I mean, that's how insane it really was. So, I have tried so hard because it has caused brainwashing of doctors and patients alike, into thinking the wrong things. I mean, people should be afraid of certain things like a household full of plastic that they're eating out of and storing everything in, not having bioidentical physiologic hormones in your body. That is not it. And so, I try to explain the mechanisms, I mean, the thousands of amazing positive things that hormones do in the body. Remember, hormones are just information delivery systems. They're like messengers. And it would be like everyone became like in the story of Babel, and nobody could communicate with one another. What kind of a civilization will it be if nobody could communicate?
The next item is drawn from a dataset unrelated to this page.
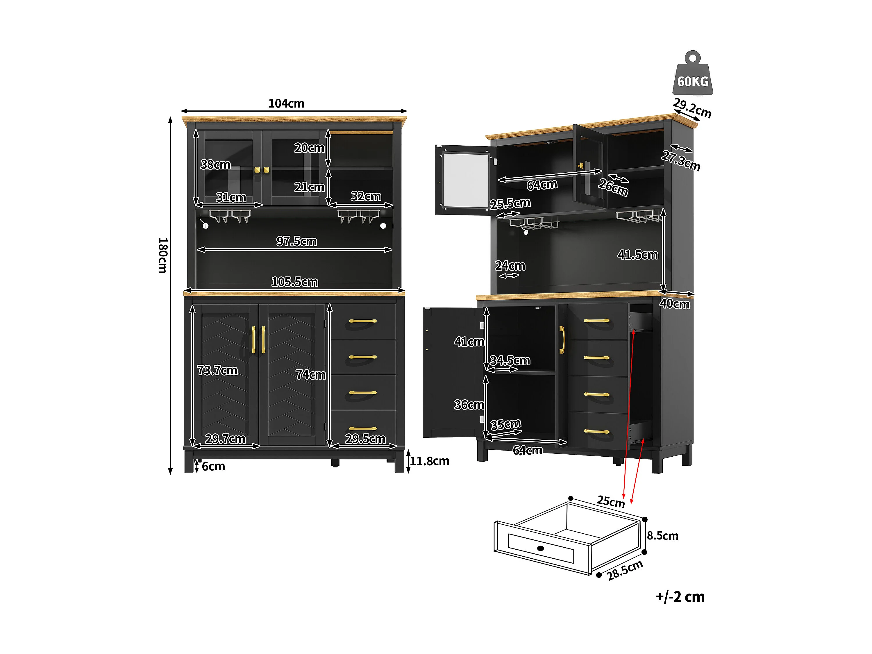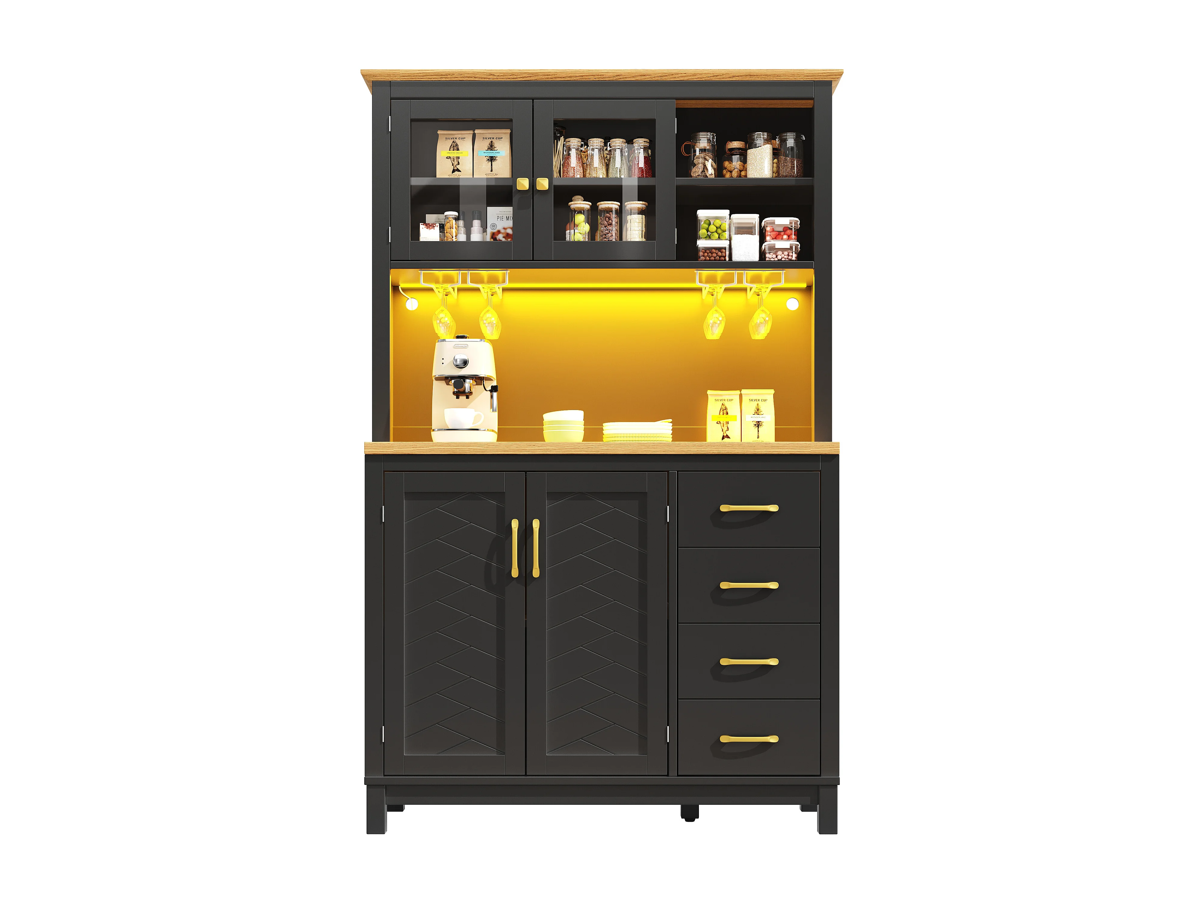 Kredens kuchenny w stylu rustykalnym - 105,5 x 40 x 180 cm - 4 drzwi + diody LED + uchwyty na kubki + szuflady - MDF - czarny

Well, that's what happens in our body when we don't have the right hormones, and then you throw in endocrine disruptors, and you have like the spies coming in and delivering the wrong information and change the message. So, you don't have the right message, you have the wrong message. And how on earth is the poor body, or how are the cells going to do the right things? So, the goal is to recreate the messaging system that exists in the healthiest of women, the young women, not the old women. I don't want to recreate the hormones of a person who's two years younger than me, I want the hormones of a healthy 25-year-old, because that's what happens when you get the right mix of lifestyle and hormones in the body, the cells of the body don't know individually how old they are, they are genetically programmed to do what they're designed to do.
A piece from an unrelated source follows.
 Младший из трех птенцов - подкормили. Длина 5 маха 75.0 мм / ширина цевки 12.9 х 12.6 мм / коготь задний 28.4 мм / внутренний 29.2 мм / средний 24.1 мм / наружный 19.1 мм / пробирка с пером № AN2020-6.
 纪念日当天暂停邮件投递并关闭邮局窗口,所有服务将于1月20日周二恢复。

If you give them all the equipment they need, the right nutrients, the environment, and so on, you work with their own clock genes, and then they get the right hormones, they're going to do their jobs way better. Now, realistically, no matter how hard we try, we're not going to be, when we're 55, we're not going to be like we're 25, but we could be so much better. That's where you talk about chronological age and biological age. So, my goal is, I don't care what my chronological age is, if I can functionally be 20 years younger with my biological age, not 40 years younger, I'm realistic, but how about quite a bit younger? And that can be achieved when you do all of this together, the lifestyle pieces of the puzzle, and the hormonal pieces.

And a lot of people don't realize that thyroid hormone requires estrogen to function properly. The hormone receptors for thyroid don't work properly in an absence of estrogen. And testosterone receptors don't work properly without estrogen. That's why you have to start with estrogen in menopausal women, and then, of course, you want to make sure that they have all the other hormones in place. But you can't micromanage everything. Let's be realistic. I know that there are people who are really big on things like peptides, and I'm not saying that there isn't a really important use for them, but to try to micromanage on a daily basis all of your peptides, they come and go in a flash.
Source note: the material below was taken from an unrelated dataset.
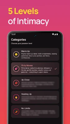 Choose your comfort zone and gradually increase the heat! The game features five carefully designed categories arranged by increasing intimacy:

So, I look more like the big picture, if I can provide the right food, and sleep, and stress control, and all of those things. And then I can keep hormones, the prime dominant type hormones of the body at physiologic levels and with some sort of semblance of physiologic rhythms, then I can give the cells of the body the best chance for them to do their job optimally. And then if you have a severe illness or a problem, then maybe that's when you start trying to go in and do a little bit of micromanaging. But as a general rule for just health maintenance, I don't think we can micromanage all of the functions of a cell. They're really complex. And even measuring and monitoring hormones is complex enough as it is.

Sarah: Wow. Well said. I don't know why I'm always so shocked whenever I talk to you. Just every time, I'm like, "Wow, she's good." And it's like, I'm surprised every time. This is amazing. Thank you so much for sharing with us. I have some questions around hormones. Where are we at with hormones? Replacement therapy, that is. What are the concerns there? How appropriate is it for the average woman, for every woman? Where are we at with the science and I guess trials around that?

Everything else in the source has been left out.